Attempts will be made to declare PHCAs' activities illegal, and to block PHCAs from having access to their client's medical records and from maintaining a bedside presence. PHCAs will be threatened with liability suits. Attempts will be made to assert that PHCAs are actually practicing medicine after all, and therefore their activities must fall under the same constraints as "real doctors." If any of these attempts take root, the PHCA movement will likely die on the vine.

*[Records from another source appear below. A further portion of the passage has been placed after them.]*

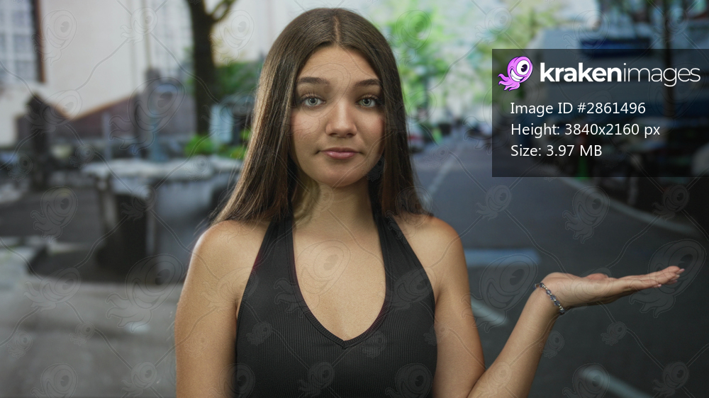 Teenager girl displays a right hand palm gesture with exposed shoulder in a city street scene; uncertainty.
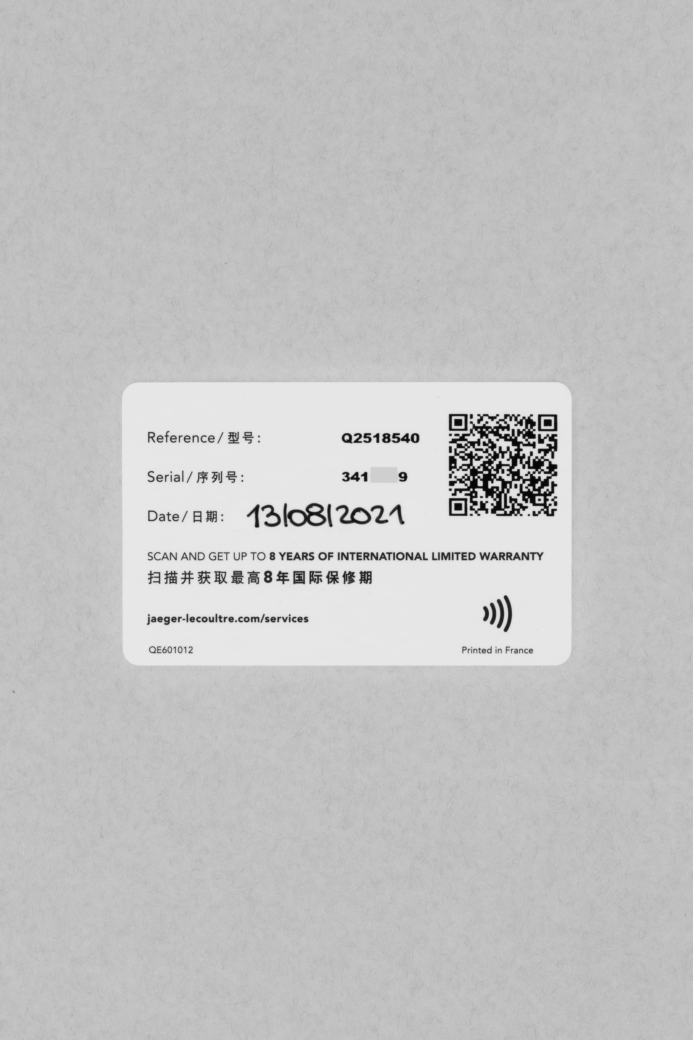 Delivered with: Original Jaeger-LeCoultre warranty card showing an initial sale on August 13, 2021, German retailer Chronext warranty card, Amplitude° Steel Warranty Card
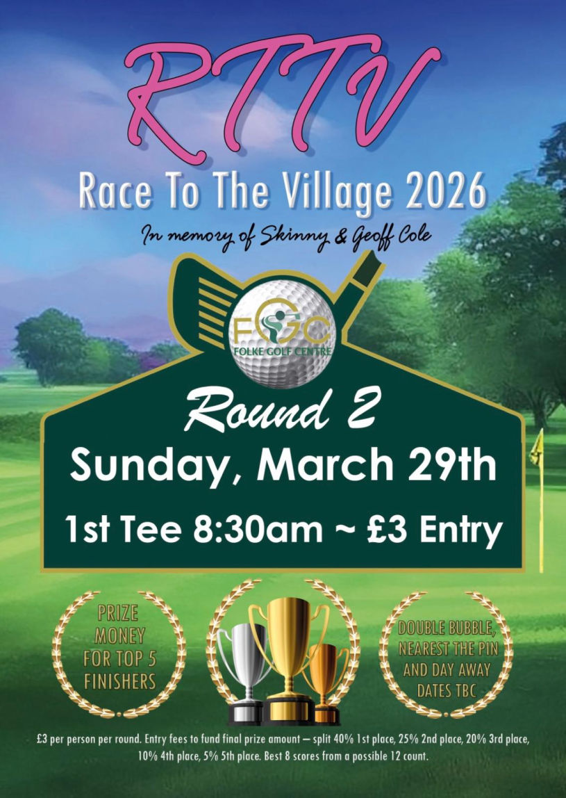 (PS: The RTTV Day Away will be on Sunday, May 31st at the Isle of Wedmore golf course. Entry fee is £48 and includes coffee and bacon roll on arrival (or full breakfast for extra £5.50). The Entry Form is on the Notice Board.
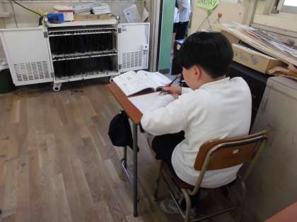 5年生は国語で「提案します。一週間チャレンジ」の学習をしました。普段の生活の中で紺のことがんばるといいよということを見つけて、みんなに提案する文章を書いています。みんな「落とし物なし週間」や「そうじをがんばろう」などよく考えた内容を書いていました。
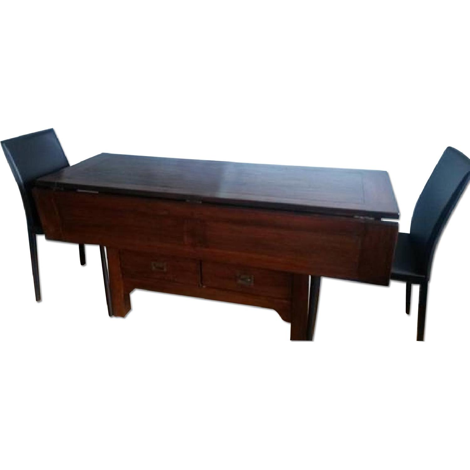 Seller's Notes:Beautiful Pottery Barn Dining Table with two leaves that fold flat and two storage drawers underneath. Table is 63"long x 25" wide with the leaves folded and 45" wide unfolded. Perfect for a small space.
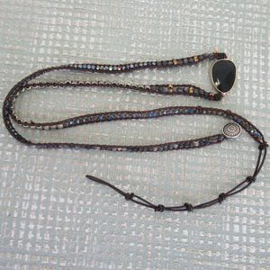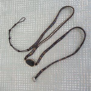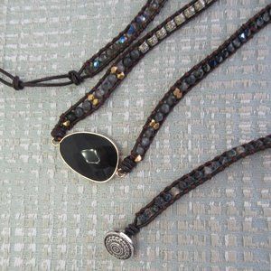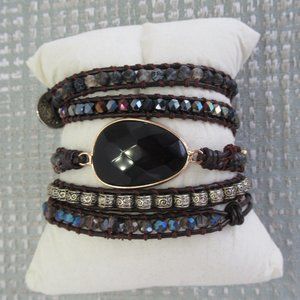NAKAMOL Mix Wrap bracelet with Black Large Faceted Crystal and Natural Stones Beads. Leather Braided Bracelet
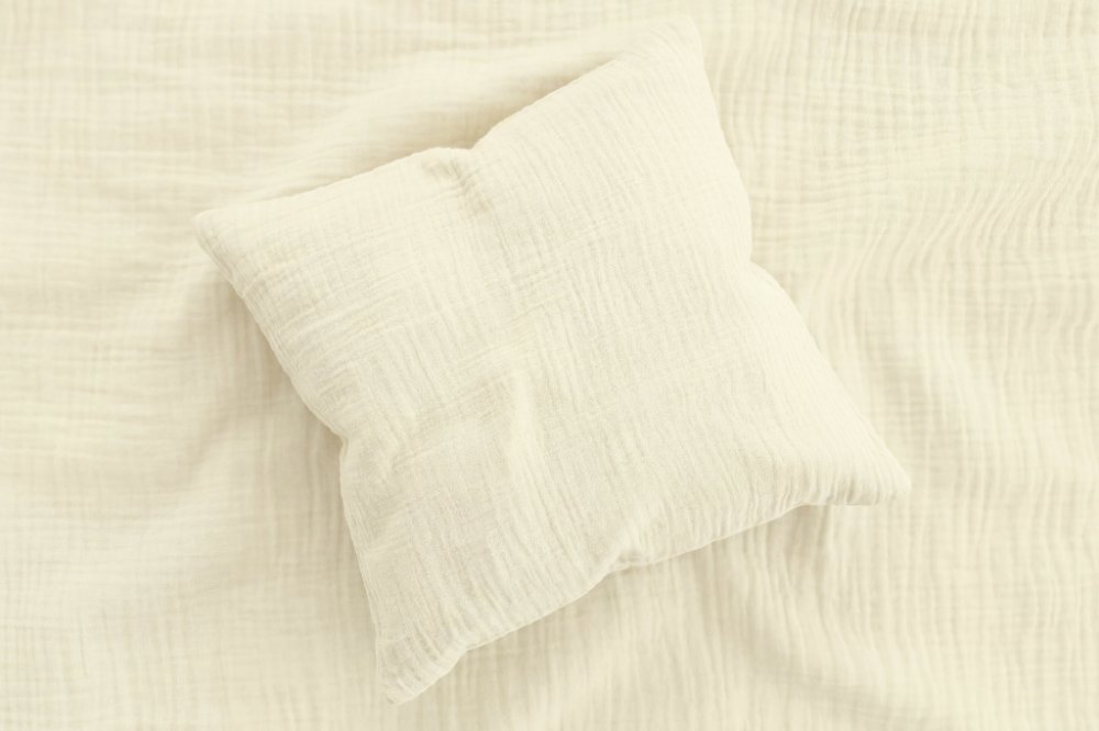 Jedna věc, která mušelín dělá mušelínem: přirozené zvrásnění po praní. Povlaky získají svůj typický vzhled samy – bez žehlení, bez práce navíc. Struktura je záměrná a je součástí krásy materiálu. Stejně tak se mohou místy objevit zesílené nitě – nejde o vadu, ale o přirozenou vlastnost mušelínu a důkaz jeho autentického charakteru.
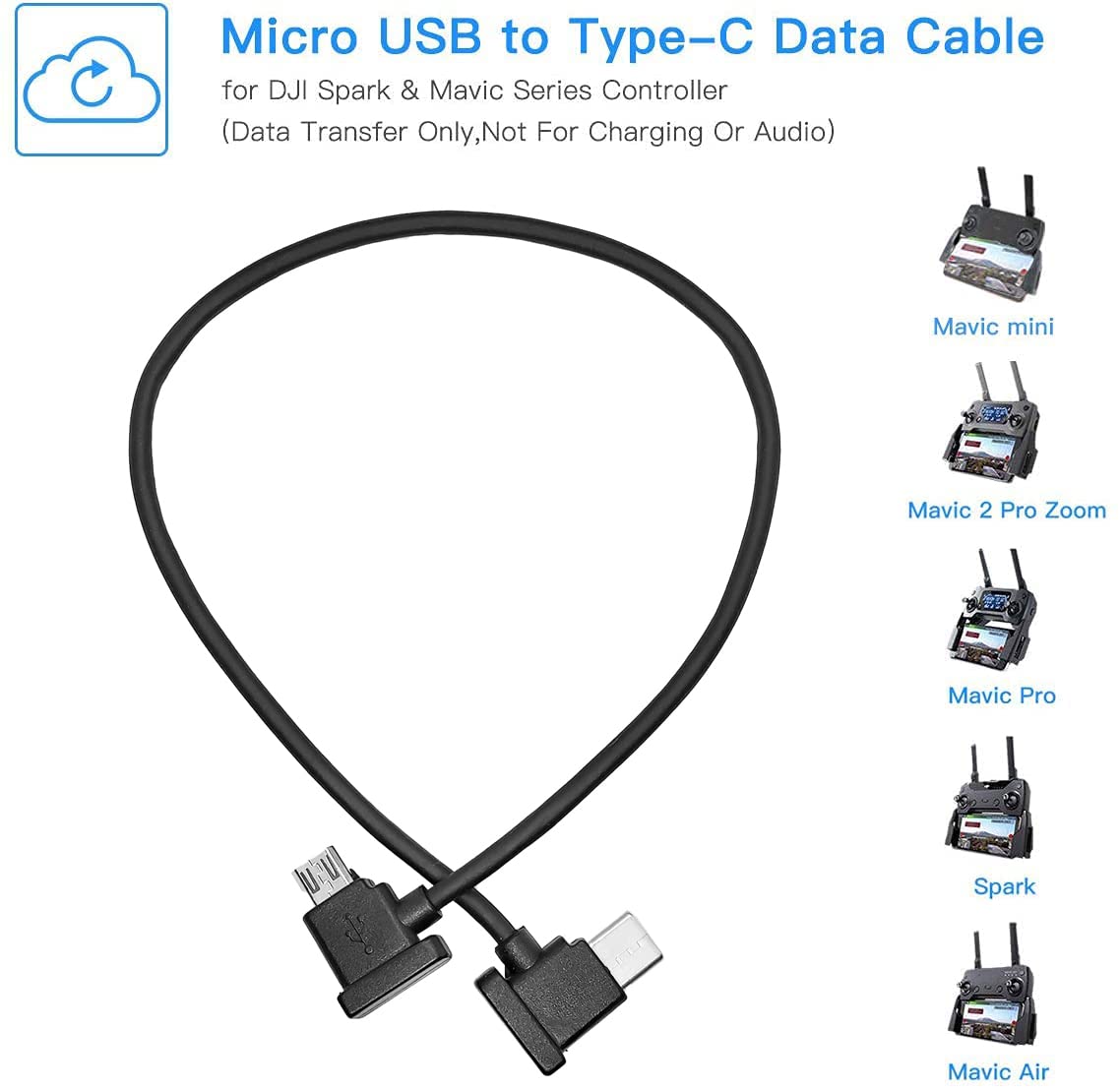 Micro USB to Type-C OTC cable is used to connect phone to DJI Mavic MIni remote controller for data transfer
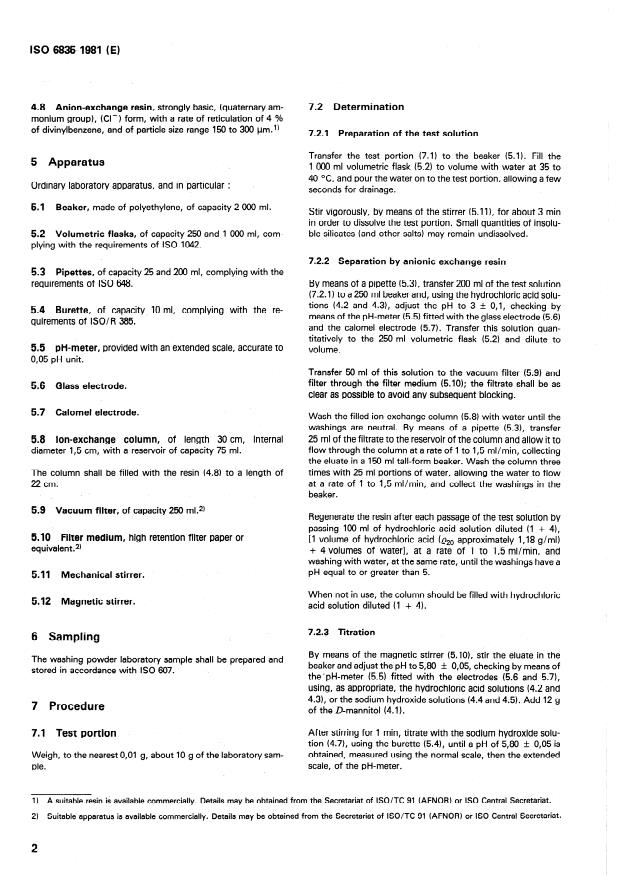 Keywords: ISO 6835, boron content, washing powders, titrimetric method, boric acid‑mannitol complex, anion‑exchange resin, detergent analysis, surface active agents.
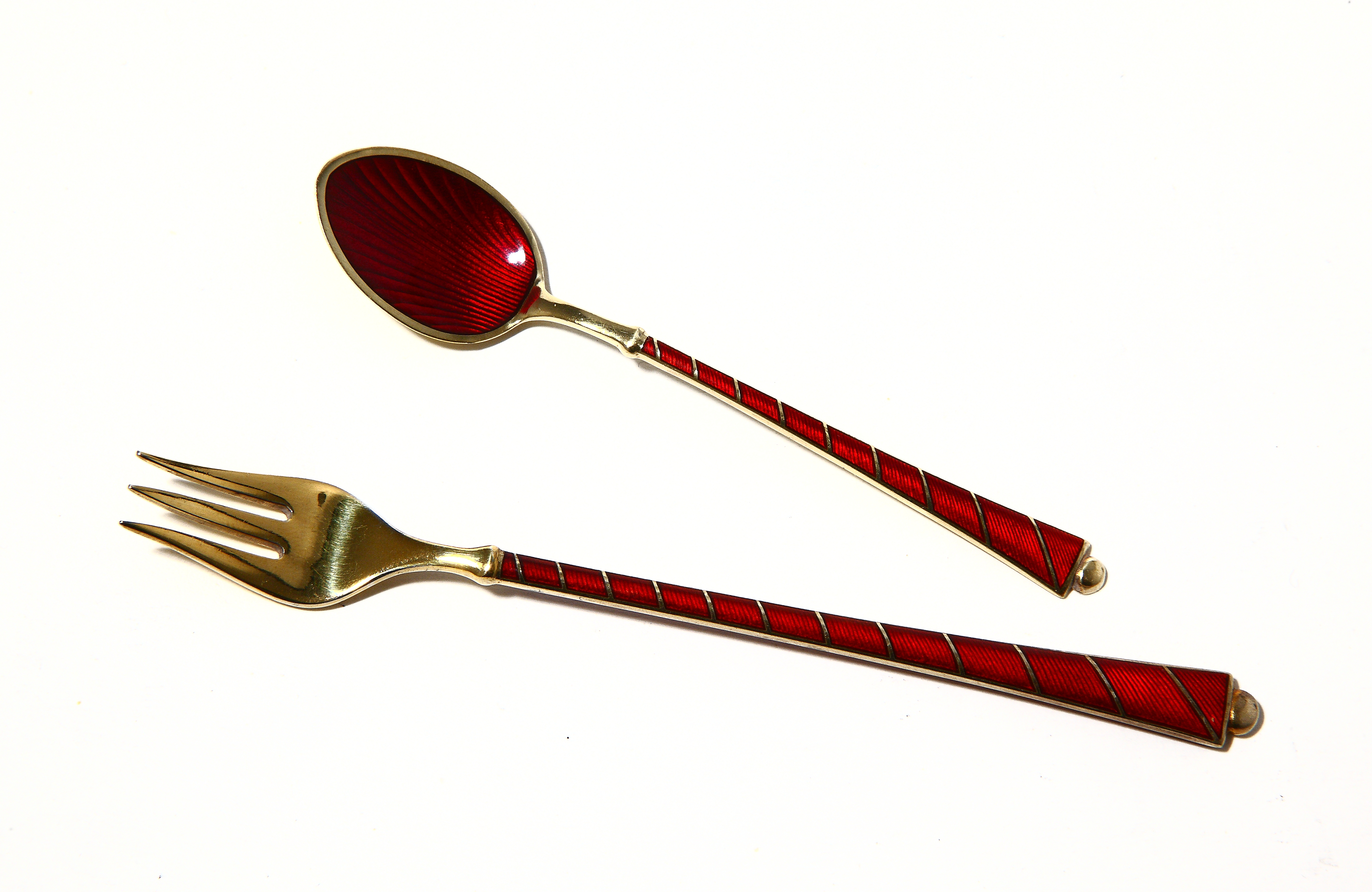Кофейная ложечка и десертная вилочка. Эмаль.
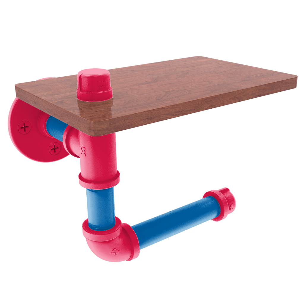 The innovative design includes a wooden shelf situated above the roll, providing a convenient space for personal items or extra toilet paper storage. This added functionality makes it an indispensable fixture for fans who value efficiency and flair. The wood's rich texture compliments the industrial aesthetic of the powder-coated pipe, blending modern and traditional elements seamlessly.
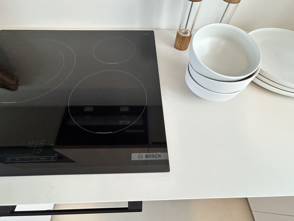 It features a home automation system and smoke detectors, as well as Jung appliances. The modern and functional kitchen features high and low cabinetry, a Silestone countertop, and paneled appliances with an A energy rating (hob, oven, microwave, extractor hood, refrigerator, dishwasher, and washer-dryer). The bathrooms feature wall-hung toilets, extra-flat shower trays with screens, and the master bathroom features a double sink with integrated cabinetry.

The ultimate outcome will depend on one thing. It will depend on whether patients finally understand what is going on. It will be much more difficult to publicly attack PHCAs than it is to attack retainer practices. It will be, much more blatantly, a naked assault on a patient's right to hire a private, personal consultant on healthcare matters. The whole point of creating this new profession, of course, is to move the doctor-patient relationship - rather, the PHCA-client relationship - to a new realm, outside of the current stifling system, there to allow that relationship to flourish again, unencumbered by all the things designed to encumber it where it resides today. When all the great powers argue that such a thing is bad, at the very least they will be finally tipping their hand, and revealing who they really are.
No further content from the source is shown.